Tuesday, September 12, 2006

My First College Quiz

I never thought that a quiz would have me this nervous. All throughtout high school, I never had problems taking quizzes or tests, but now that it's college, it has me all up in a twist. Why? It's just a quiz. I guess because all of these things lead up to my future, its kind of like a math quiz depends on my future. I hate this feeling. Why is a simple quiz making my college experience a living hell. My roommate was studying for her Phsycology test yesterday for about 3 hours. She was making my neverous about my quiz tomorrow. I mean is this feeling normal? Am I suppose to be this neverous or should I just relax?

Monday, September 11, 2006

Weekend Madness

I am so so stuck in between a pimp and I hard place. I know I have a boyfriend back at home, so why am I worried about other boys at Texas State. Is temptation knocking on my door or what?It feels like time after time, a boy wants to talk to me but, I know I have a boyfriend in Houston, but the guy is right here next to me. How can I not take this chance and talk to me. Are my feelings over powering my heart. What is really going on? I hate the fact that when I talk to my boyfriend on the phone, I feel as if I have cheated on him when all is do is hold conversations with other guys. The reason I probably feel the way I do is because of the feelings that I hold for these other people. Is there anyway tyo make anyof these feelings go away? I HATE HAVING FEELINGS FOR OTHER GUYS WHEN ALL OF MY FEELINGS SHOULD BE POINTING TOWARDS THE GUY I HAVE BEEN WITH FOR 6 MONTHS. Why is cupid making this so hard for me? Can he just so me mercy for this time being. I have enough going on with school in track on my shoulders. Idon't need Cupid weighing me down any more!!!

Thursday, September 07, 2006

SO SORE!!!

The pain feels like it will never go away. From the tip of my back to the end of my quads. Every inch I step feels like someone has just taken their fist and slapped it right on the back of my leg. Practice today wasn't all that bad, we did a couple of 200's then we went to the weight room. I think thats when all the pain started. As I started to lift, I felt myself getting stronger and stronger, but my muscles were getting weaker and weaker. All I kept thinking to myself is "is this pain ever going to be over?". After practice, I felt the need to treat myself for making it another day through practice. I went to the LBJ to grab a pizza and some cinnamon sticks. I sat for a little while to talk to some of the track people, as time went by, my muscles tend to relax, but when it was time to go, they said no. I felt so stiff when I got up, I could barely walk straight. What is wrong with me? Have I outdone myself or is this just a stage of getting stronger?Hopefully it will all wear over because this, this is painful!!!!!

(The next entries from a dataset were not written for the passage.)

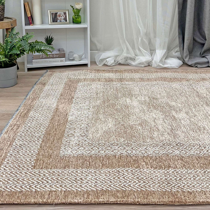 Alfa Rich 7x10 Beige Cream area rugs are cotton, pet friendly, easy to clean, soft, foldable and machine washable, but we recommend laundromat for large sizes! Alfa Rich washable area rugs are woven, odorless and lint-free. But wait, there's more! Alfa Rich area rugs have a medium pile (0.50 inches). Alfa Rich rugs effortlessly combine the charm of classic and modern designs with practicality for every home, office or lifestyle. Alfa Rich rugs, which add a new touch to the aesthetics of Turkish rugs, have vivid colors and are being produced on our electric looms, given their final shapes by hand weaving and made ready for your use. It's like a dream come true! Alfa Rich washable area rugs can be used as living room rug, bedroom rug, kids room rug, kitchen rug, bathroom rug, runner rug, entryway rug, hallway rug, laundry room rug, nursery rug and office rug. They are also very suitable option for use in places such as a summer or winter garden. How adorable is that? Caring for your new rug is a breeze! Suitable for vacuum cleaner and robot vacuum cleaner. Do not beat with a hard object. Do not expose to direct sunlight for a long time. Protect from humid environments. Do not pull threads from your rug, if there are threads that have come off, cut them from the surface with the help of scissors. When not in use, it is recommended to be wrapped and packaged in rolls and stored. Easy-peasy! Alfa Rich area rugs are lovingly wovened by us in Turkiye, a place where artistry and tradition intertwine. Alfa Rich area rugs are woven from 60% cotton 40% polyester. Oh, and one little note: Please keep in mind that all rug sizes are nominal, and a slight variance of +/- 3% is perfectly normal. We want to ensure you have all the details! Our utmost desire is to see you absolutely thrilled with your purchase. Your happiness is our priority! Kindest Regards. Alfa Rich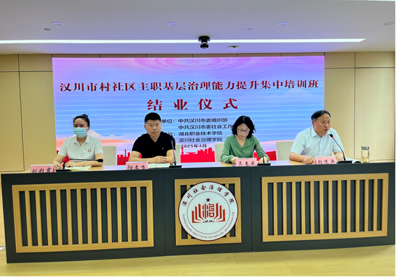 (本网讯 姚文贵)4月20日,由汉川市委组织部、汉川市委社会工作部主办,Beat365唯一官方网站承办,澴川社会治理学院协办的汉川市村社区主职基层治理能力提升集中培训班圆满结业。来自汉川市城市社区、城镇社区和中心村组的50名党组织书记参加了为期一周的系统培训,切实提升了政治能力、组织能力和群众工作能力。
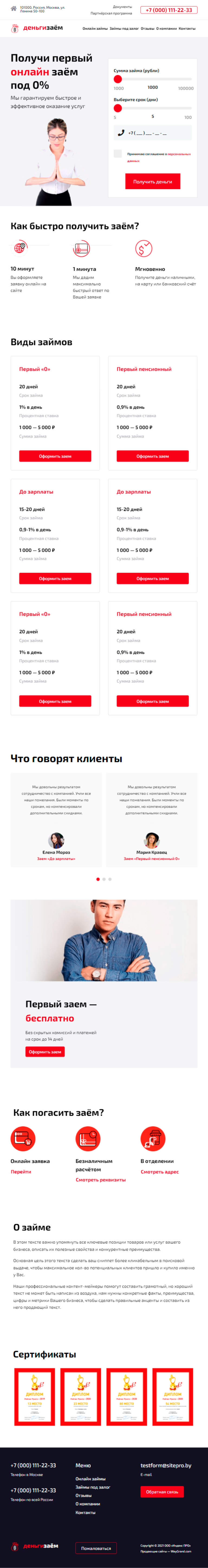 Закажите готовый продающий сайт лендинг #2825201 в Подольске за 1-3 дня «под ключ»: свёрстан, отрисован и готов к рекламе. Тематика шаблона «Деньги в долг».

Tuesday, September 05, 2006

Labor Day Weekend

My Labor Day Weekend was so much fun. I went home onm friday and got home about 9:00. On friday I didnt do anything but watch my nephew for a few housr unitl he fell asleep. I spent most of the day yesterday with my boyfriend, my play brother and his girlfriend. We went to the movies to go see CRANK. The movie was so boring. I wish I could have gotten my money back. Me and my boyfrind got into a deep conversation about marriage and kids. It kind of scared me at first because I didnt think I was ready for that kind of commintment yet, being that I just started college and trying to adjust for being away from my family and friends. As the conversation continued, he made some valid points, but I still needed some more time to think about it and get my head clear. I spent part of Sunday with my mom before she got ready to go to work. Then I took my nephew over to my boyfriends house so I wouldn't be by myself. I chilled and watched SpongeBob. Thry are both some big kids(well my boyfriend and my nephew of course). I hated to have to come back home on Monday. I was having so much fun being around my friends and family. But all I know is when Thanksgiving comes around, oh you better believe that everything is fixing to be on and crackin'!